Flucht oder Tod: Von schätzungsweise einer halben Million Christen im Irak haben allein 2014 ein Viertel der Volksgruppe das Land verlassen. Die Terrormiliz „Islamischer Staat“ hat erst kürzlich vier Männer enthauptet.
Update: 13.12.2014 - 12:51 Uhr Kommentieren
Bundesverteidigungsministerin Ursula von der Leyen (M.) in  Erbil mit christlichen Flüchtlingen: Die Minderheit ist im Irak derzeit besonders gefährdet. Quelle: dpa

Bundesverteidigungsministerin Ursula von der Leyen (M.) in Erbil mit christlichen Flüchtlingen: Die Minderheit ist im Irak derzeit besonders gefährdet.

(Foto: dpa)

BagdadMindestens 160-000 Christen sind nach Angaben eines irakischen Parlamentariers nach der Eroberung von Mossul durch die Terrormiliz Islamischer Staat (IS) aus der Millionenstadt geflohen. Sie verließen ihre Heimat wegen Gewalttaten und Todesdrohungen der Dschihadisten, wie der christliche Abgeordnete Imad Juchana am Samstag dem Nachrichtenportal Almada Press sagte.

Die sunnitischen Extremisten hatten Mossul im Juni überrannt und zunächst eine Kopfsteuer für Christen eingeführt. Später wurden die Nicht-Muslime aufgefordert zu konvertieren oder die Stadt zu verlassen. Vor 2003 lebten noch rund 1,2 Millionen Christen im Irak - viele von ihnen im Norden. Zuletzt wurde deren Zahl auf 500.000 geschätzt, sie dürfte aber weiter gesunken sein.

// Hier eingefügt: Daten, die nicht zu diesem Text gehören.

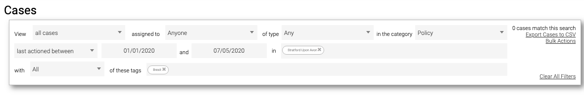 On the statistics page you can can decide to look at only stats on Casework issues, or just policy issues. While on the Cases tab you have full flexibility to find the granular detail you're looking for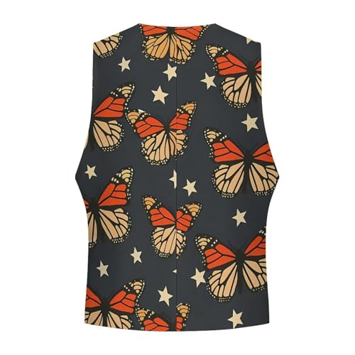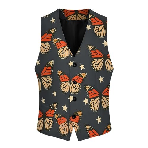 trending ! Monarch Butterfly U.S. Flag Suit Vest for Men Slim Fit Sleeveless Jacket V Neck Business Waistcoat Button Up Dressy Top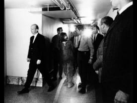 "Manson is led from court after deferring a plea to the murder charges against him. He is wearing the buckskin outfit made for him by Family women." Credit: Courtesy of the Photo Collection at the Los Angeles Public Library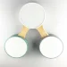 Потолочная светодиодная люстра в современном стиле, на три источника света круглой плоской формы, с деревянными элементами, без пульта управления.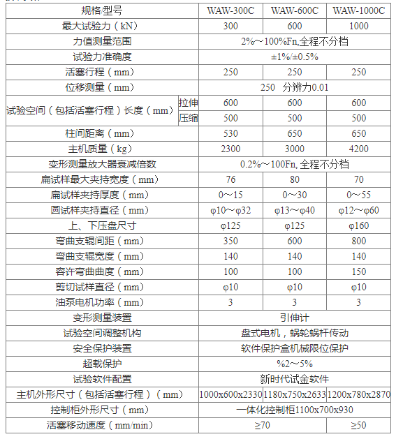 1.WAW-300C/600C/1000C型微機(jī)控制電液伺服萬(wàn)能試驗(yàn)機(jī),采用油缸下置式主機(jī),拉伸空間位于主機(jī)的上方,壓縮彎曲試驗(yàn)空間位于主機(jī)下橫梁和工作臺(tái)之間油缸活塞采用間隙密封經(jīng)久耐用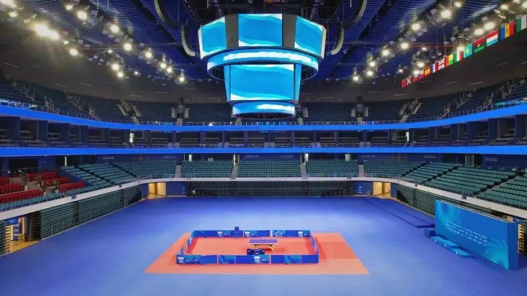 ▲成都世乒赛团体赛主场馆 成都高新体育中心场馆中,8张比赛球台和30张训练热身球台,则为全体参赛运动员、教练员提供了具有国际一流标准的竞技训练场地。这一点,国内外运动员多次在接受采访时不吝赞美。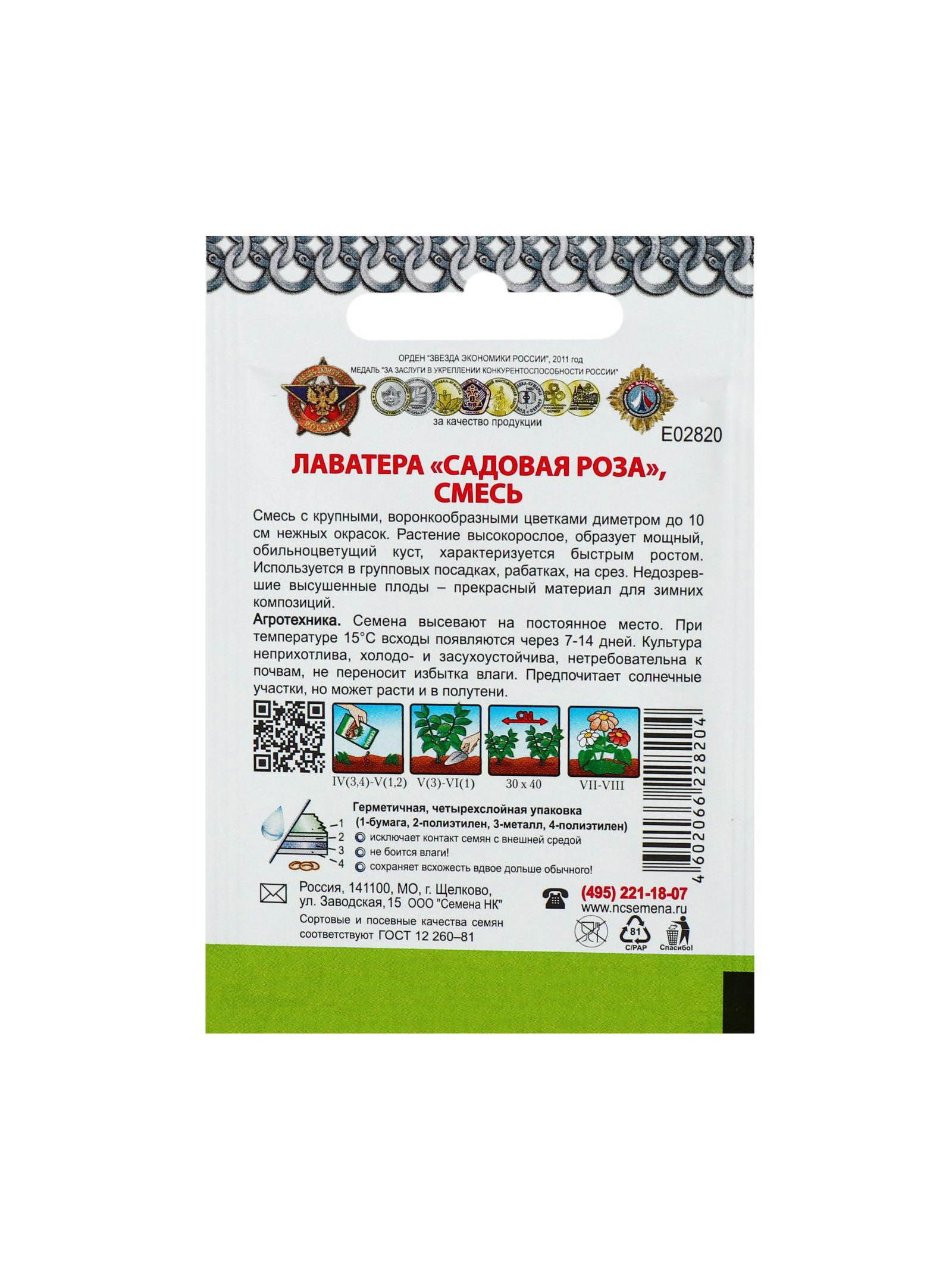 Семена цветов Лаватера "Садовая роза" смесь, серия Кольчуга, О, 0.3 г, Русский огород, Россия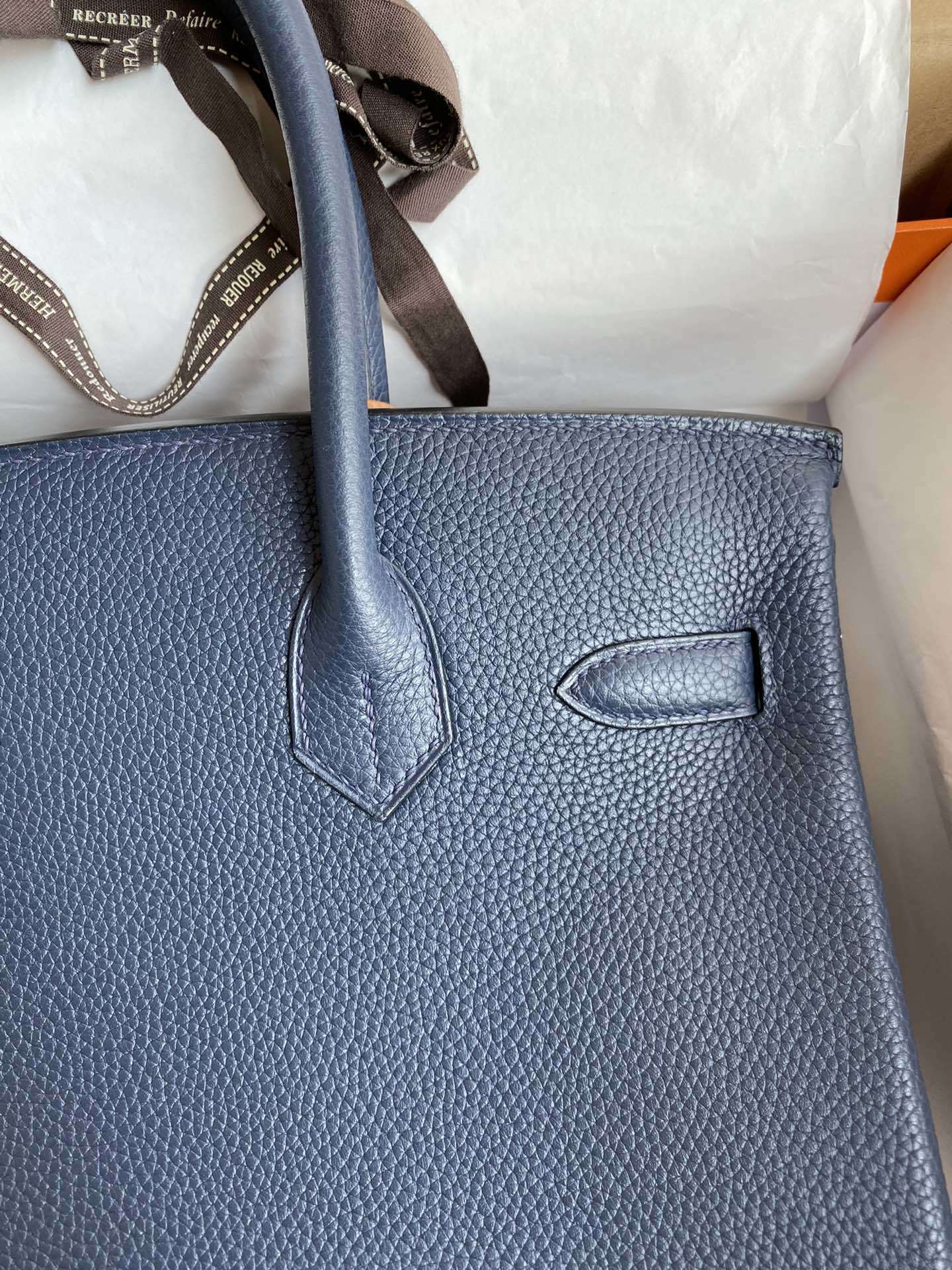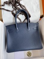 This is a replica ###Hermès Birkin 30 Deep Blue Togo Palladium Hardware. ###

Ihre besondere Brutalität bewies die Extremistenmiliz „Islamischer Staat“ (IS) in Syrien mit aller Schärfe. Nach Oppositionsangaben hat der IS jüngst vier Männer wegen Blasphemie enthauptet. Die Männer seien östlich der Stadt Homs von der sogenannten Islam-Polizei des IS hingerichtet worden, berichtete die Beobachterstelle für Menschenrechte am Samstag. Die Organisation mit Sitz in Großbritannien hatte am Dienstag von einem ähnlichen Fall in der Stadt Suluk berichtet. Am Freitag wurden nach Angaben der Beobachterstelle in der nordsyrischen Manbidsch zudem ein Mann und eine Frau wegen Ehebruchs gesteinigt. Die Angaben konnten zunächst nicht überprüft werden.

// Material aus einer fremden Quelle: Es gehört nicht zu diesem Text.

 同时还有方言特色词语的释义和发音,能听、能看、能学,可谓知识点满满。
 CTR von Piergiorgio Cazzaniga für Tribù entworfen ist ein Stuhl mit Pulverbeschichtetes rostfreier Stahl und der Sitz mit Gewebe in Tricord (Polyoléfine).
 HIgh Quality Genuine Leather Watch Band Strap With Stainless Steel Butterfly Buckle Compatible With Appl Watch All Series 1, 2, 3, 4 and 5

Der IS hat Teile Syriens und des Irak unter seine Kontrolle gebracht und ein Kalifat ausgerufen. In der Region haben die Islamisten nach Angaben von Menschenrechtsgruppen bereits zahlreiche Personen unter dem Vorwurf der Blasphemie, der Homosexualität, des Ehebruchs und Diebstahls gesteinigt oder enthauptet. Auch ausländische Gefangene wurden so hingerichtet und Aufnahmen davon ins Internet gestellt. Die Enthauptungen werden von anderen radikalen Islamistengruppen wie die Al-Kaida im Jemen verurteilt.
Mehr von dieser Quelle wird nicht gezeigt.